Friday, January 3, 2014

Ned Ludd His Oven

I was truly warming up to modern kitchen technology, about to embrace the newfangled. And then my oven stopped working a few weeks ago. I have had a love-hate relationship with it since day one. I bought the oven because it fit the space in the counter and because there is no hood, it had to be a downdraft, which means Jennair. The stove top is actually quite good, serious flames, broad burners with decent control. As long as you don't turn the downdraft vent on, it works. The oven beneath, which I will readily admit I rode very hard, even abused, is less respectable. But it too did well, fitted with baking stones, even putting up with my chucking ice inside to make steam. Though the oven light did crack as a result. Still, it did an OK job baking. It even got hotter than the 550 degree limit.

It's the stupid little control panel, basically a clock radio, that is total crap. After maybe a year it would beep erratically, telling me to remove the meat probe. Trust me, I have never inserted my meat probe anywhere near it. I never did learn to program it, mostly because I don't want timers or bells and whistles. Actually the best oven I've ever owned, "flameboy" was discarded on the sidewalk by a friend and I took it home. It had nothing more than dials. Who needs to program an oven?? I should have kept flameboy when we moved about 15 years ago.

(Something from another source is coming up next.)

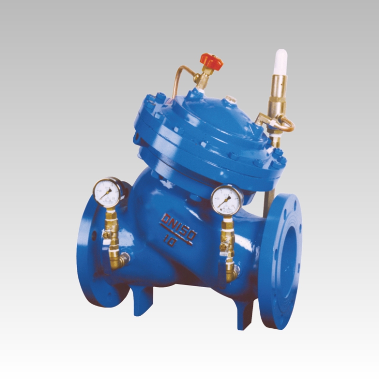 隔膜式可調減壓穩(wěn)壓閥是安裝于高層建筑給排水系統(tǒng)管道上,將進口壓力減至某一需要出口壓力的特種閥門,該閥門依靠本身能量使出口壓力保持穩(wěn)定在設定值,即出口壓力不因進口壓力及流量的變化而變化,并且閥門控制系統(tǒng)的進口處裝有一個自清潔濾網(wǎng),利用流體特性,使比重較大,直徑較大的懸浮顆粒不會進入控制系統(tǒng),確保系統(tǒng)循環(huán)暢通無阻,使閥門能安全可靠地運行。系統(tǒng)動作靈敏,使用壽命長。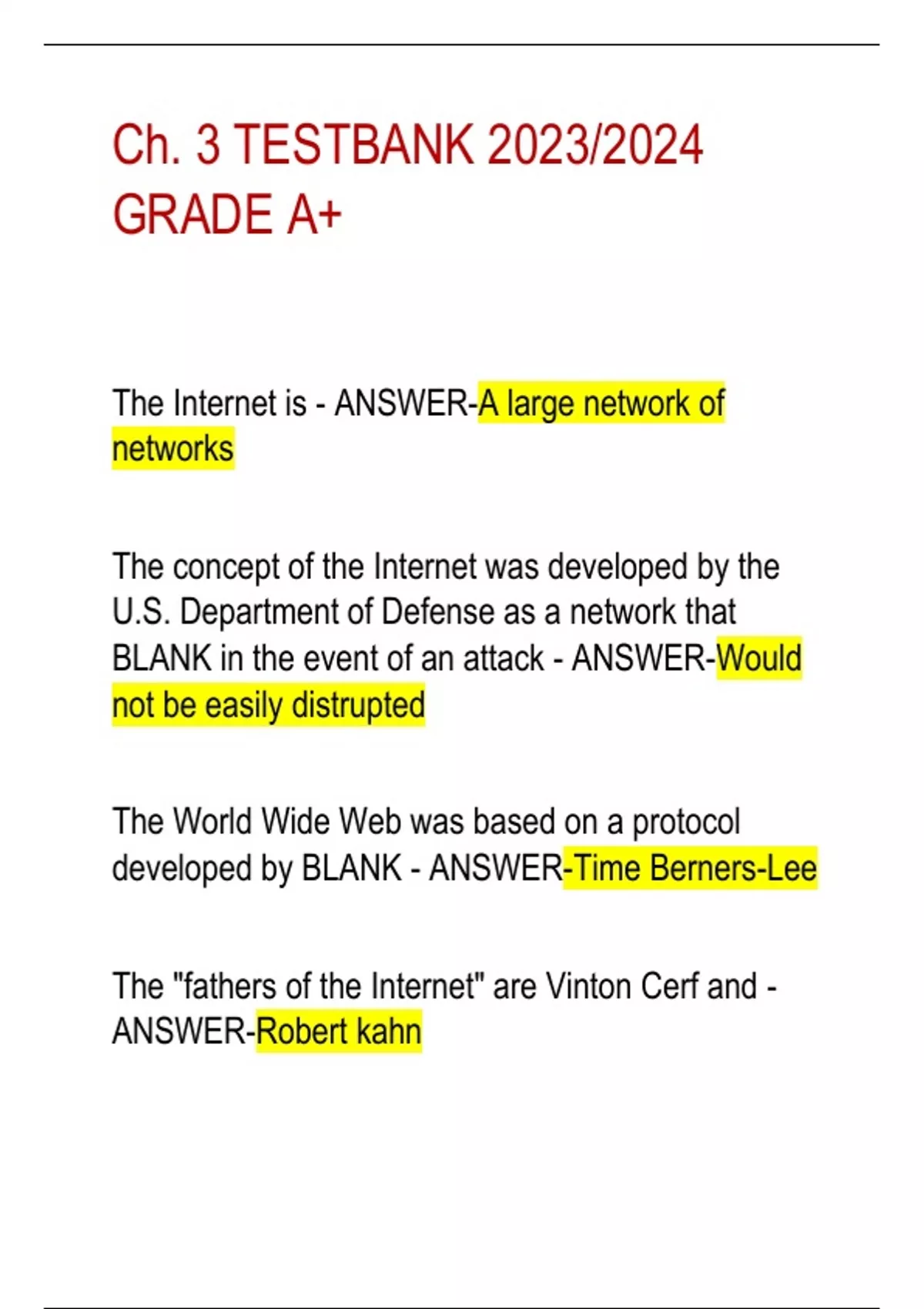 2023/2024 GRADE A+ The Internet is - ANSWER-A large network of networks The concept of the Internet was developed by the U.S. Department of Defense as a network that BLANK in the event of an attack - ANSWER-Would not be easily distrupted The World Wide Web was based on a protocol developed by BLANK - ANSWER-Time Berners-Lee The "fathers of the Internet" are Vinton Cerf and - ANSWER-Robert kahn

Anyway, this oven actually replaced the one that was already in the house, so it's only 5 or 6 years old. Then, out of nowhere, the computer panel stops working. The Sears repair man arrived, and he looked like something out of Mad Max with cyber attachments on his body. He diagnosed it and tells me that to replace the clock radio will cost 600 bucks. Might as well buy a whole new oven, for the same price. Even though everything else on it works fine. All I need it a knob! I hate this disposable culture of ours.

Then suddenly it starts working again. Wonder of Wonders! I used it all day on New Year's Eve. Baking pizzas, various hors d'oeuvres. I thought, ok, just another little touchy spell but everything's back in order.

No such luck. Yesterday the beast started not just beeping erratically, but wildly, maniacally. Trying to start itself on its own volition. BEEP BEEP, BEEP BEEP. Danger Will Robinson! Open the pod door Hal. The thing was truly possessed. I tried pulling it out and unplugging it. Impossible. Tried cajoling it. Tried necromancy. The beeping was driving me mad! Only one thing remained to be done. And let me tell you it was among the most satisfying of two seconds, taking the blunt end of a huge axe right to the little goddamned clock radio face and bashing it in with one swing. Beeping stopped instantly. The oven is dead. Long Live Ned Ludd!

So for the moment I shall be either using the toaster oven or will have to fire up the wood oven outside. Does anyone have any recommendations for a replacement? I'm seriously thinking of getting a vintage stove with nothing more than knobs. 

Thursday, January 2, 2014

Aged Eggnog

One of the most common questions I am asked about extreme food preservation is "aren't you afraid of being poisoned?" I shrug it off. You know if something has gone bad, and sometimes it does. Throw it out.

But I will admit, sometimes I do scare myself. Case in point: this eggnog I put up around Thanksgiving over a year ago. It's basically just rum, raw eggs, cream, nutmeg, sugar. Left on the shelf. Many others have tried doing this but they always put it in the fridge. Why? Doesn't that defeat the point of a historic recipe experiment?

Then again, maybe people in the past understood something I haven't noticed. Agh. My usual tactic for overcoming that fear? Get really soused at a party and have daring people who will eat anything. That happened at a New Year's Party. Maybe 5 or 6 people willingly tried a spoonful. The verdict. Very boozy, but quite tasty. More like a pudding. I think a bit of milk would make it a drinkable nog, and less potent. But I like it just as is. And chalk one up for trusting old preservation techniques. Now to figure out exactly what I added!